— Exercise instructions —
Write out the listing below character for character, though without its pictures.

— Source material —

===============

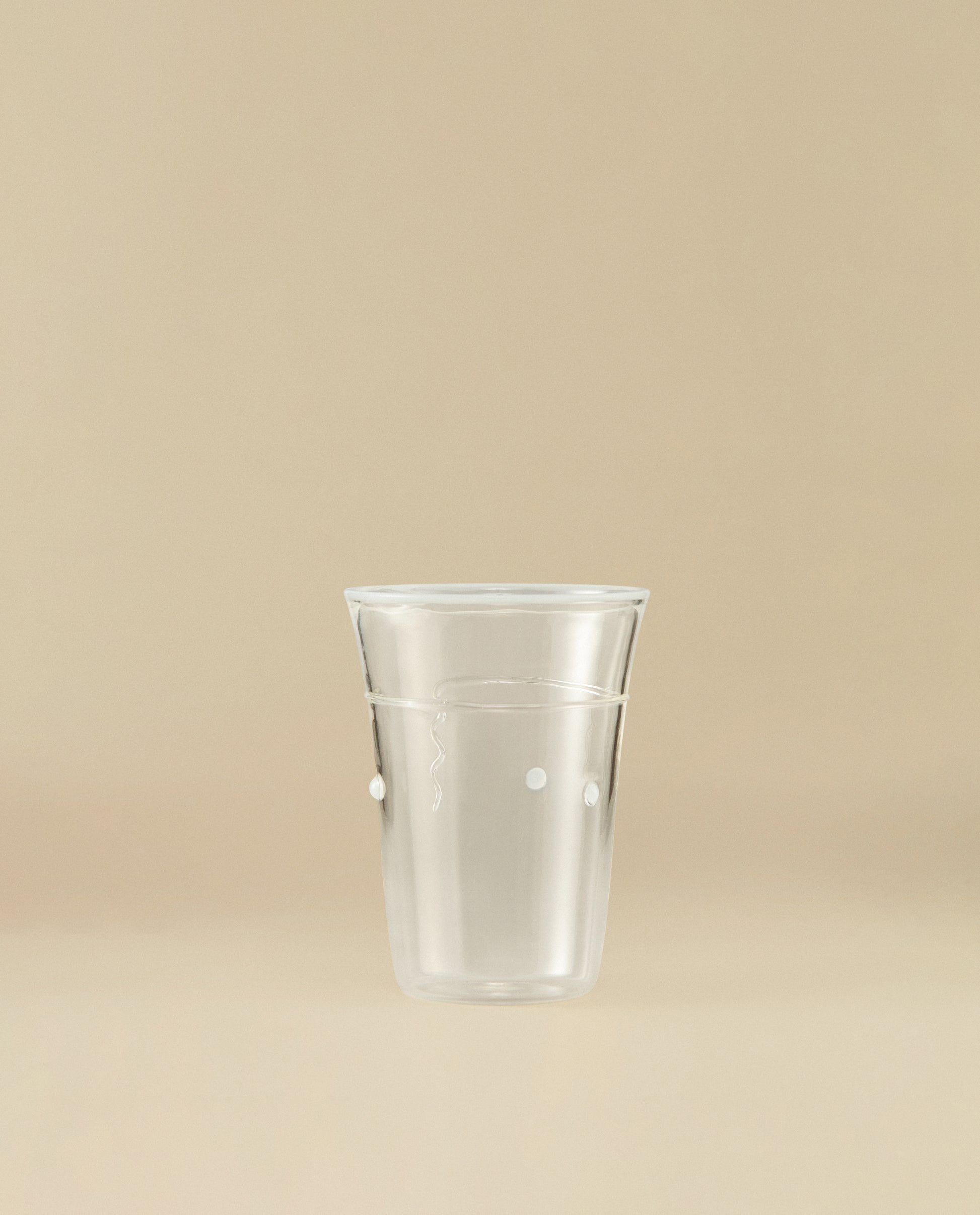 The Vesper Glass is inspired by the form of a Syrian drinking vessel, which would have been widely exported throughout the Islamic World in the 12th century. Its execution inspired the first enameled glasses created by Venetian artisans in the 13th century. Hand-blown in Beykoz, a village in Istanbul renowned for its glassmaking, the Vesper features a flared cylindrical shape, and is accented by glass droplets and a colored rim in opaque white.
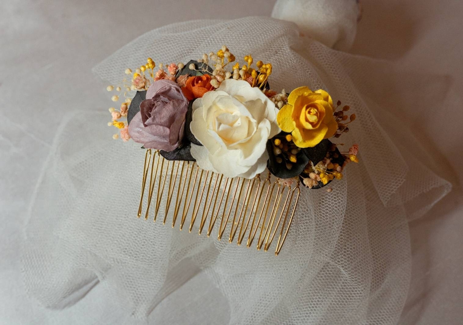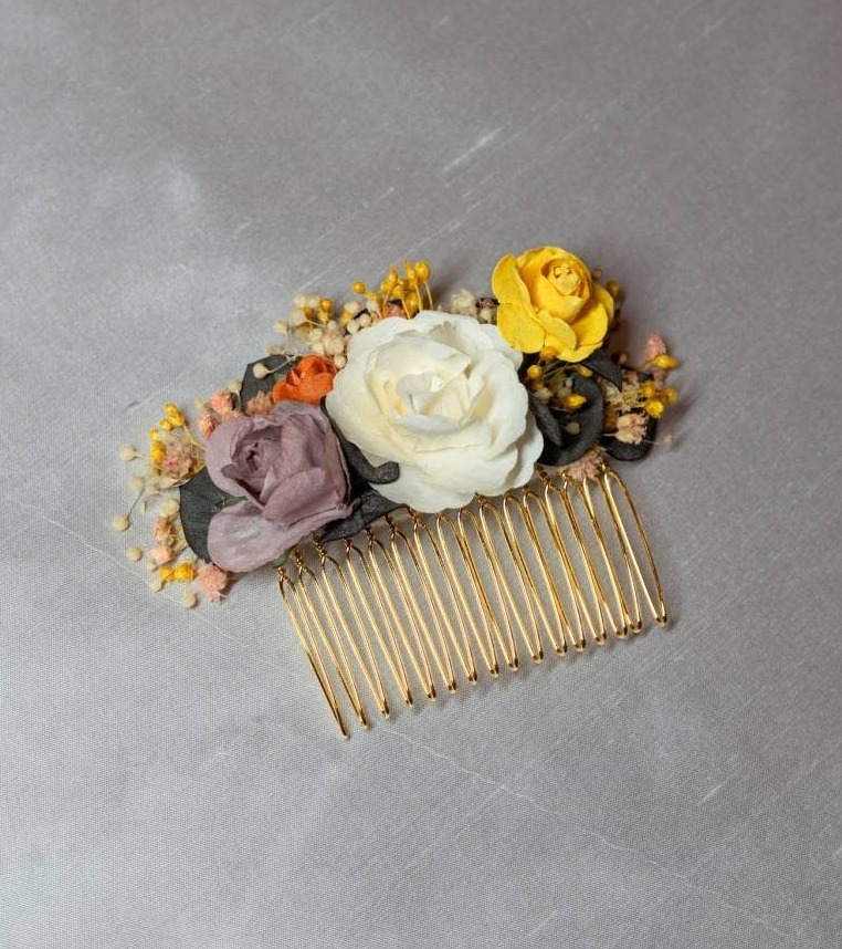 Peigne en fleurs séchées pour mariées et invitées Croquelune, parfait pour compléter vos tenues de mariages et s'assortir aux couleurs de votre tenues.
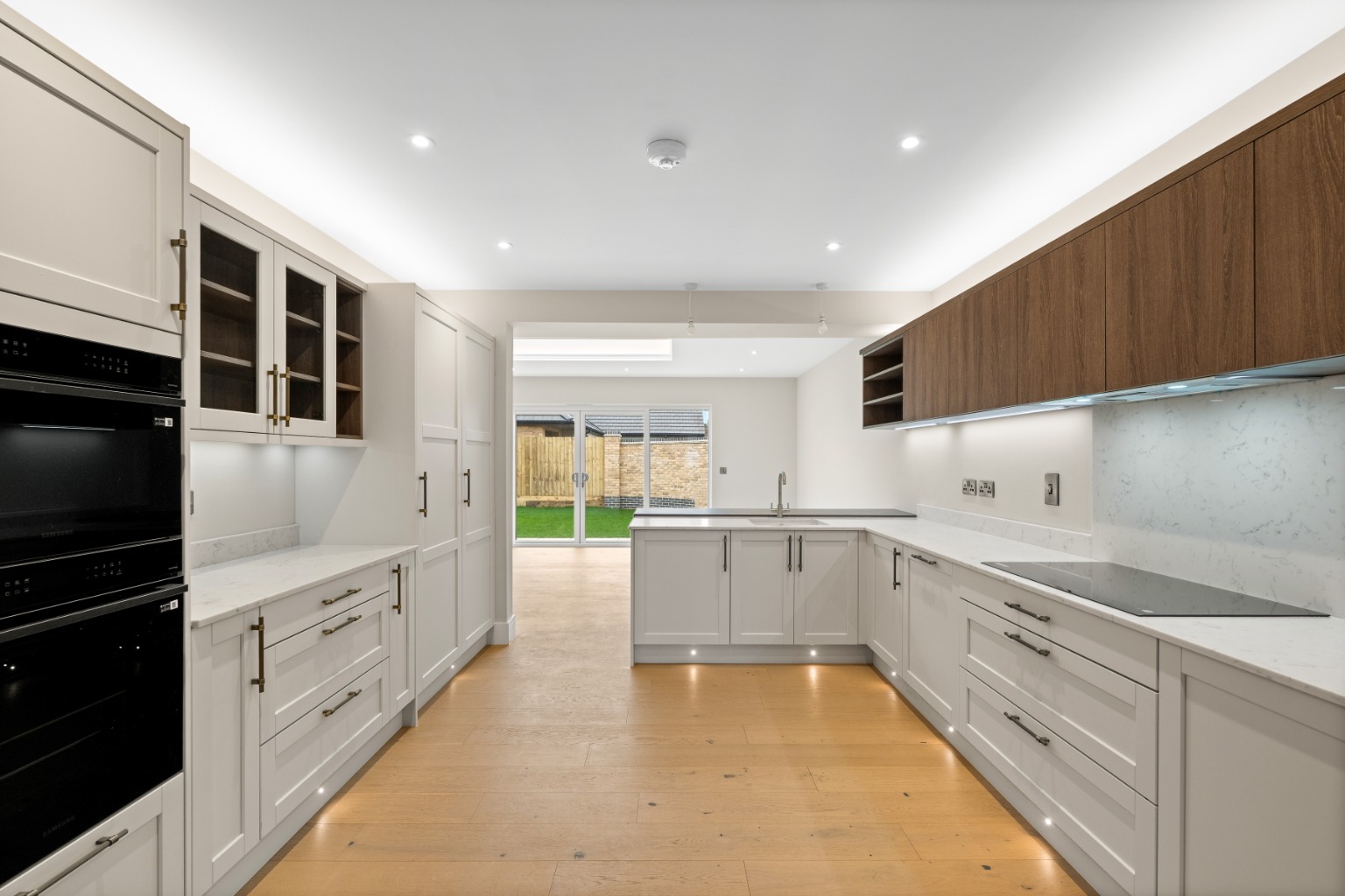 Integrated Samsung appliances include a double oven, induction hob with extractor, dishwasher, and full-height fridge and freezer, alongside a dedicated dresser area. Feature lighting enhances both the form and function of the space, making it equally suited to everyday living or entertaining on a larger scale.

===============

— Result —
 The Vesper Glass is inspired by the form of a Syrian drinking vessel, which would have been widely exported throughout the Islamic World in the 12th century. Its execution inspired the first enameled glasses created by Venetian artisans in the 13th century. Hand-blown in Beykoz, a village in Istanbul renowned for its glassmaking, the Vesper features a flared cylindrical shape, and is accented by glass droplets and a colored rim in opaque white.
 Peigne en fleurs séchées pour mariées et invitées Croquelune, parfait pour compléter vos tenues de mariages et s'assortir aux couleurs de votre tenues.
 Integrated Samsung appliances include a double oven, induction hob with extractor, dishwasher, and full-height fridge and freezer, alongside a dedicated dresser area. Feature lighting enhances both the form and function of the space, making it equally suited to everyday living or entertaining on a larger scale.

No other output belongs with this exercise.